October 2, 2023: A drug that mimics the benefits of rigorous exercise has been developed on mice by scientists at the University of Florida.
The drug was found to increase muscle gain, boost metabolism and lose weight in mammals. It is part of a proposed class of treatments known as “exercise mimetics,” which imitate the physiological adaptations associated with physical activities.
The drug may be effective in the treatment of a range of diseases, including obesity and metabolic syndrome.
Metabolic syndrome is a condition that includes a cluster of risk factors specific to cardiovascular disease. The cluster of metabolic factors includes abdominal obesity, high blood pressure, impaired fasting glucose, high triglyceride levels, and low HDL cholesterol levels.
The molecule, called SLU-PP-332, was administered in diet-induced obese mice and the effects on a range of metabolic parameters were assessed.
The mimics induced benefits on whole-body metabolism in mice including increased energy expenditure and fatty acid oxidation. These effects were accompanied by decreased fat mass accumulation. The results were published their results in the Journal of Pharmacology and Experimental Therapeutics.
Additionally, the Estrogen Related Receptor (ERR) agonist effectively reduced obesity and improved insulin sensitivity in models of metabolic syndrome.
In obese mice SLU-PP-332 reduced fat mass and improved glucose tolerance, suggesting a potential use of ERR agonists in the treatment of a range of metabolic diseases including obesity and type 2 diabetes,” according to the study.
A majority of the exercise mimetic activity, such as increased skeletal muscle oxidative fibres, higher fatty acid oxidation and enhanced exercise endurance, was associated with targeting ERR in the skeletal muscle, additional target tissues such as the liver may also play a role.

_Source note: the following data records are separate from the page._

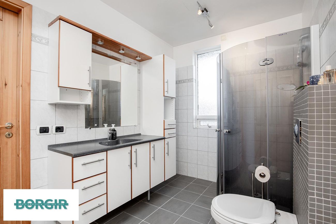 Baðherbergi I: Með sturtuklefa, salerni og vaskaskáp, flísar á gólfi og veggjum.
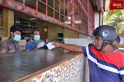 A handful of men who have come to pick a bottle or two of alcohol are maintaining a certain distance from each other, diligently staying within the columns marked on the ground of the area leading up to the beverage counter. These are visuals shot from two outlets of the Kerala State Beverages Corporation (Bevco). At an outlet in Kannur, the men are seen maintaining distance without any lines marked on the floor.
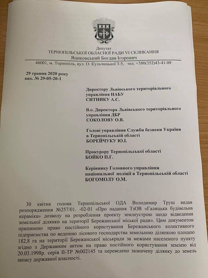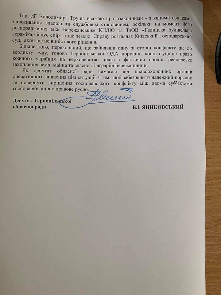 “Однак, незважаючи на конституційний принцип верховенства права, 30 квітня Володимир Труш без рішення суду видав розпорядження №257/01.-02-01. Згідно з ним голова ОДА одноосібно (!!!) позбавив права користування землею Бережанське колективне господарство та дозволив «Галицькій будівельній кераміці» розроблення проекту землеустрою щодо її відведення.
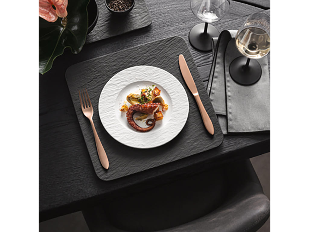 Denne serie er et must-have for et sofistikeret look på din borddækning. De mørke dekorative elementer får elegante hvide tallerkener til at stråle og skaber en attraktiv kontrast. Uanset om du vælger granit eller skiferlook, vil The Rock skabe en iøjnefaldende effekt på dit bord.
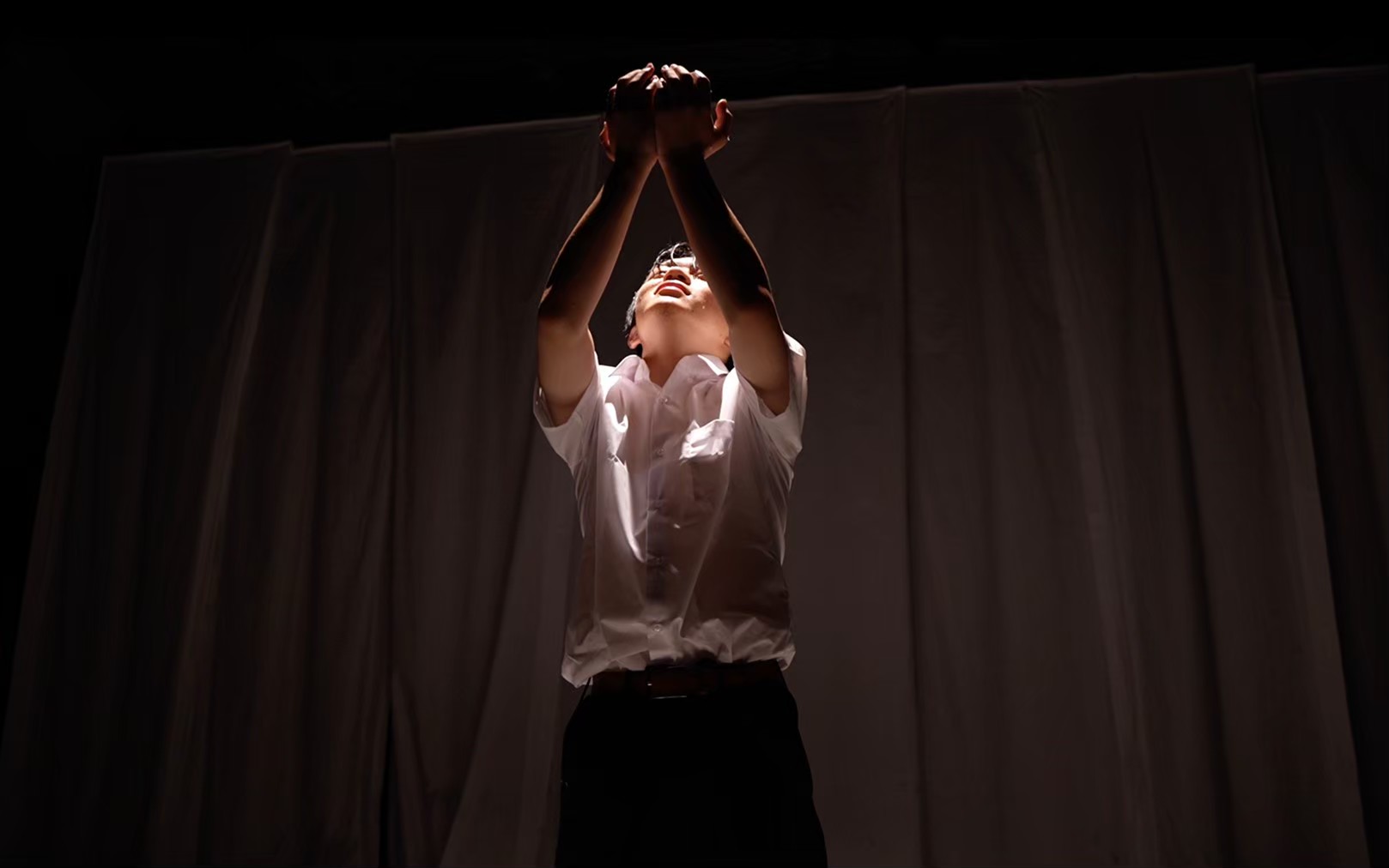 高校時代に演劇と出会い、放課後の限られた時間のなかで、観客に楽しんでもらうことを第一に考えながら、仲間と共に脚本づくりや演技に取り組んでいった。役者として出演するだけでなく、大道具の制作や脚本執筆にも携わることで、舞台全体を構成する視点が自然と養われていった。
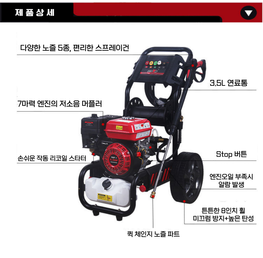 엔진 고압세척기 고압살수기 동력고압분무기 7마력 초고압 세척기
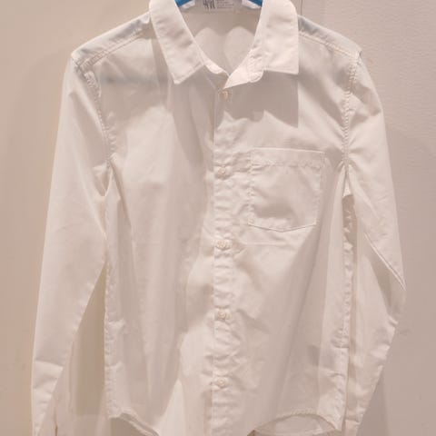 Erittäin hyväkuntoinen valkoinen kauluspaita kesän juhliin. Lyhyet hihat. Koko 152.
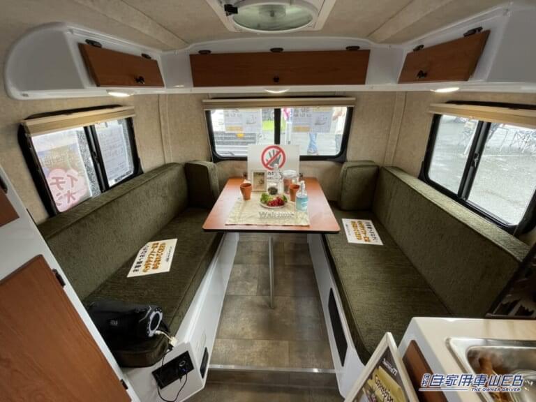 室内はソファー、テーブル、キッチンが設置されたシンプルな作り。外観からは想像できない広さだ。
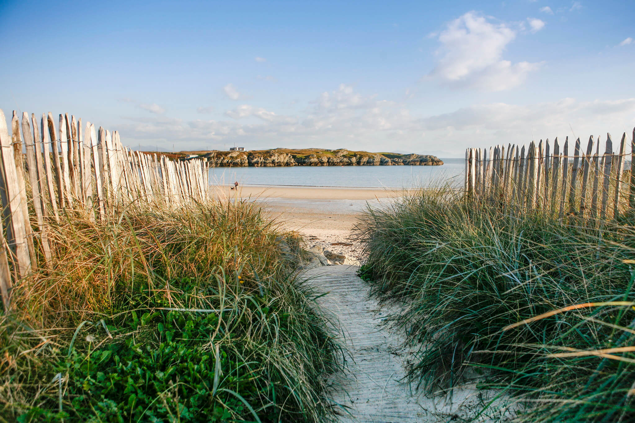 1. With your back to the church, turn right down the road, then right again, signposted ‘The White Eagle’. The first part of the walk is down a traditional ‘sunken lane’ which winds its way to the beautiful white sandy beach at Borth Wen.
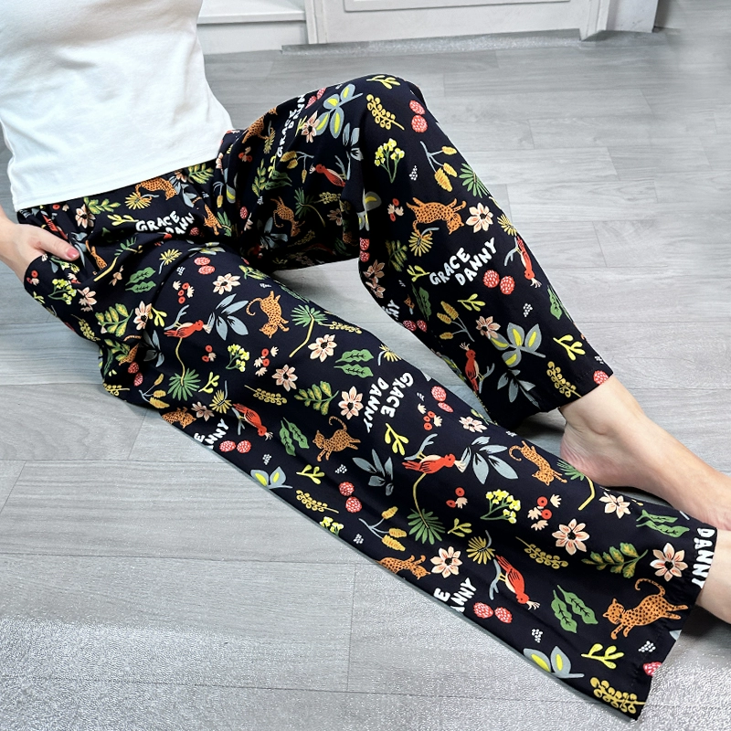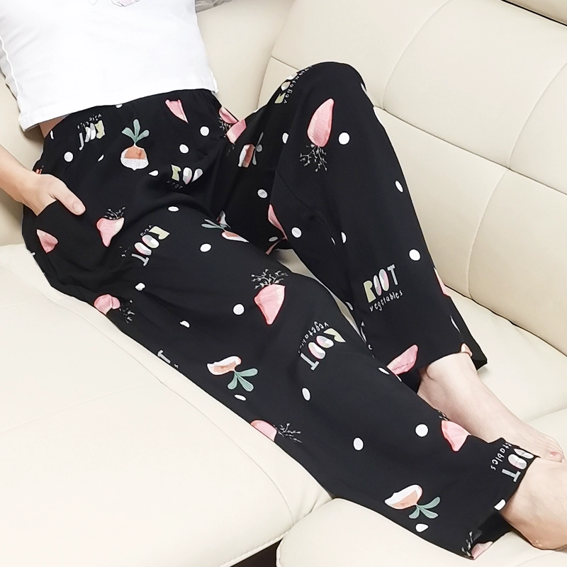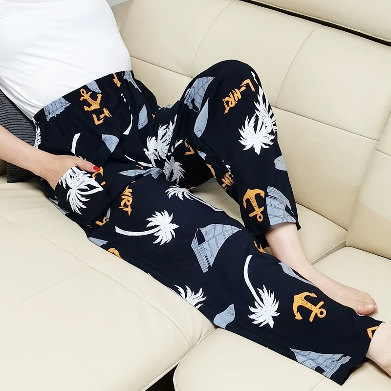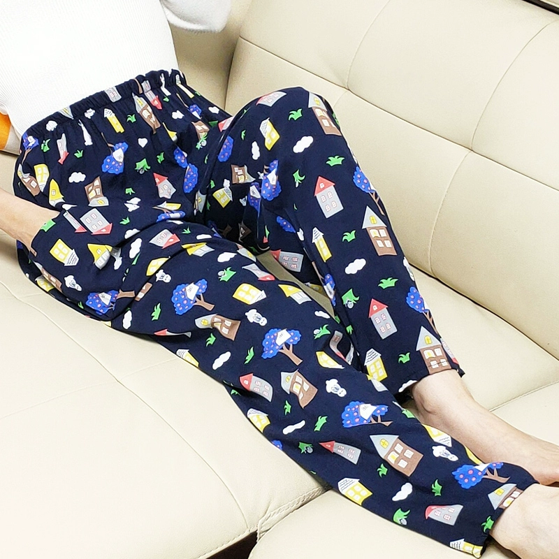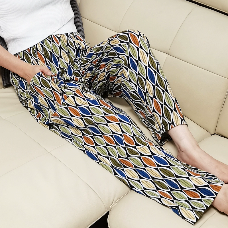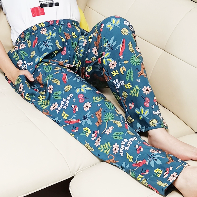 Spring and summer pajamas for men and women, pure cotton cotton silk pants, plus length pants, large size thin home pants, artificial cotton air-conditioning pants, confinement pants

Obesity is a major health issue and is a predisposing risk factor for early mortality due to multiple diseases including cancers, cardiovascular disease, and type 2 diabetes.
Obesity is associated with the accumulation of fat in the skeletal muscle which leads to reduced metabolic efficiency and insulin resistance.
“This compound is basically telling skeletal muscle to make the same changes you see during endurance training,” said Thomas Burris, a professor of pharmacy at the University of Florida who led the recent research into the new drug.
Maintaining muscle mass
“When you treat mice with the drug, you can see that their whole body metabolism turns to using fatty acids, which is very similar to what people use when they are fasting or exercising,” Prof Burris added. “And the animals start losing weight.”
Treating obese mice twice a day for a month caused them to gain 10 times less fat than untreated mice and lose 12% of their body weight.
Yet the mice kept eating the same amount of food and didn’t exercise any more. “They use more energy just living,” Prof Burris said.
The greatest hope for the new drug might be in maintaining muscle mass during weight loss – which often threatens lean muscle mass.
During ageing, when the body naturally responds less strongly to exercise, lean muscle becomes the casualty. It will take more research to understand the drug’s full potential, Prof Burris said. “This may be able to keep people healthier as they age.”